Ben Laurie at Links.org has written a brief paper about managing consensus between nodes in the Bitcoin network.

The comments on his short paper are far more interesting than the paper itself:

Here’s a great one from Eric Yu, where he discusses the impossibility of someone overpowering the computing power of Bitcoin miners as it relates to our current nation-backed currency system:

The problem with Bitcoin miners not having the majority of the world’s hashing power applies to all national currencies as well (in a slightly different way of course). No country today could resist an invasion by a coalition of the rest of the world, and that coalition could easily abolish its currency. There are many reasons why this doesn’t happen, of course, and a lot of them are relevant to Bitcoin too.

(1) Nobody cares about anyone’s currency enough to go to war about it, (2) Against powerful countries, weaker countries would face a coordination problem – if Nicaragua and Honduras wanted to attack the U.S., they would have a hard time getting anyone to join them, because any coalition with just one more country would still be too weak.
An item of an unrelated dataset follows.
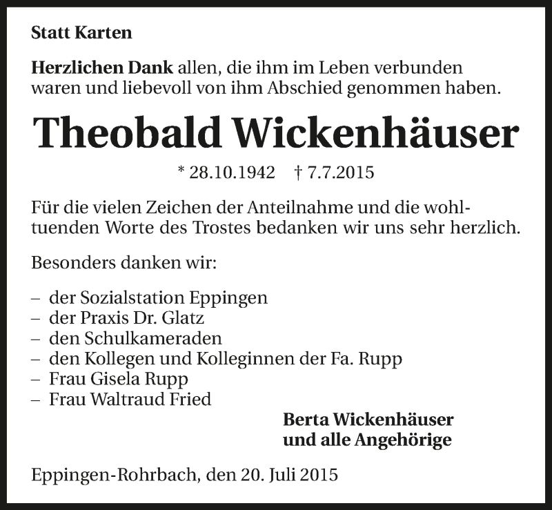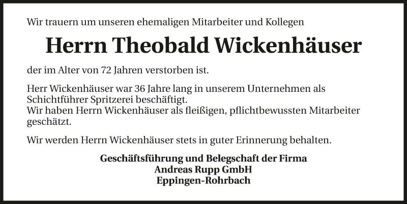 Hier finden Sie alle Traueranzeigen aus der Zeitung, die bisher für Theobald Wickenhäuser erschienen sind. Weitere Traueranzeigen, die in der Zeitung erscheinen, werden hier ebenfalls aufgelistet
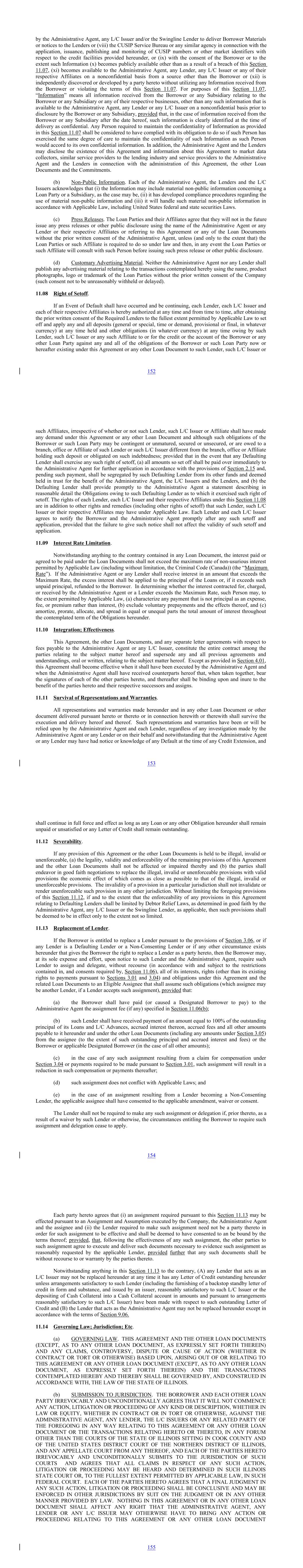 by the Administrative Agent, any L/C Issuer and/or the Swingline Lender to deliver Borrower Materials or notices to the Lenders or (viii) the CUSIP Service Bureau or any similar agency in connection with the application, issuance, publishing and monitoring of CUSIP numbers or other market identifiers with respect to the credit facilities provided hereunder, or (ix) with the consent of the Borrower or to the extent such Information (x) becomes publicly available other than as a result of a breach of this Section 11.07, (xi) becomes available to the Administrative Agent, any Lender, any L/C Issuer or any of their respective Affiliates on a nonconfidential basis from a source other than the Borrower or (xii) is independently discovered or developed by a party hereto without utilizing any Information received from the Borrower or violating the terms of this Section 11.07. For purposes of this Section 11.07, “Information” means all information received from the Borrower or any Subsidiary relating to the Borrower or any Subsidiary or any of their respective businesses, other than any such information that is available to the Administrative Agent, any Lender or any L/C Issuer on a nonconfidential basis prior to disclosure by the Borrower or any Subsidiary, provided that, in the case of information received from the Borrower or any Subsidiary after the date hereof, such information is clearly identified at the time of delivery as confidential. Any Person required to maintain the confidentiality of Information as provided in this Section 11.07 shall be considered to have complied with its obligation to do so if such Person has exercised the same degree of care to maintain the confidentiality of such Information as such Person would accord to its own confidential information. In addition, the Administrative Agent and the Lenders may disclose the existence of this Agreement and information about this Agreement to market data collectors, similar service providers to the lending industry and service providers to the Administrative Agent and the Lenders in connection with the administration of this Agreement, the other Loan Documents and the Commitments. (b) Non-Public Information. Each of the Administrative Agent, the Lenders and the L/C Issuers acknowledges that (i) the Information may include material non-public information concerning a Loan Party or a Subsidiary, as the case may be, (ii) it has developed compliance procedures regarding the use of material non-public information and (iii) it will handle such material non-public information in accordance with Applicable Law, including United States federal and state securities Laws. (c) Press Releases. The Loan Parties and their Affiliates agree that they will not in the future issue any press releases or other public disclosure using the name of the Administrative Agent or any Lender or their respective Affiliates or referring to this Agreement or any of the Loan Documents without the prior written consent of the Administrative Agent, unless (and only to the extent that) the Loan Parties or such Affiliate is required to do so under law and then, in any event the Loan Parties or such Affiliate will consult with such Person before issuing such press release or other public disclosure. (d) Customary Advertising Material. Neither the Administrative Agent nor any Lender shall publish any advertising material relating to the transactions contemplated hereby using the name, product photographs, logo or trademark of the Loan Parties without the prior written consent of the Company (such consent not to be unreasonably withheld or delayed). 11.08 Right of Setoff. If an Event of Default shall have occurred and be continuing, each Lender, each L/C Issuer and each of their respective Affiliates is hereby authorized at any time and from time to time, after obtaining the prior written consent of the Required Lenders to the fullest extent permitted by Applicable Law to set off and apply any and all deposits (general or special, time or demand, provisional or final, in whatever currency) at any time held and other obligations (in whatever currency) at any time owing by such Lender, such L/C Issuer or any such Affiliate to or for the credit or the account of the Borrower or any other Loan Party against any and all of the obligations of the Borrower or such Loan Party now or hereafter existing under this Agreement or any other Loan Document to such Lender, such L/C Issuer or 152 such Affiliates, irrespective of whether or not such Lender, such L/C Issuer or Affiliate shall have made any demand under this Agreement or any other Loan Document and although such obligations of the Borrower or such Loan Party may be contingent or unmatured, secured or unsecured, or are owed to a branch, office or Affiliate of such Lender or such L/C Issuer different from the branch, office or Affiliate holding such deposit or obligated on such indebtedness; provided that in the event that any Defaulting Lender shall exercise any such right of setoff, (a) all amounts so set off shall be paid over immediately to the Administrative Agent for further application in accordance with the provisions of Section 2.15 and, pending such payment, shall be segregated by such Defaulting Lender from its other funds and deemed held in trust for the benefit of the Administrative Agent, the L/C Issuers and the Lenders, and (b) the Defaulting Lender shall provide promptly to the Administrative Agent a statement describing in reasonable detail the Obligations owing to such Defaulting Lender as to which it exercised such right of setoff. The rights of each Lender, each L/C Issuer and their respective Affiliates under this Section 11.08 are in addition to other rights and remedies (including other rights of setoff) that such Lender, such L/C Issuer or their respective Affiliates may have under Applicable Law. Each Lender and each L/C Issuer agrees to notify the Borrower and the Administrative Agent promptly

With Bitcoin, the equivalent of (1) is that any group that had the resources to do that would gain much more from mining Bitcoins, and (2) probably no single group can out-compute the Bitcoin network right now — it has more computing power than the top 500 supercomputers combined. While your point makes sense, it is unlikely to be a practical problem for Bitcoin, just as a foreign invasion is unlikely to be a problem for the U.S. dollar, the euro, the yuan, etc.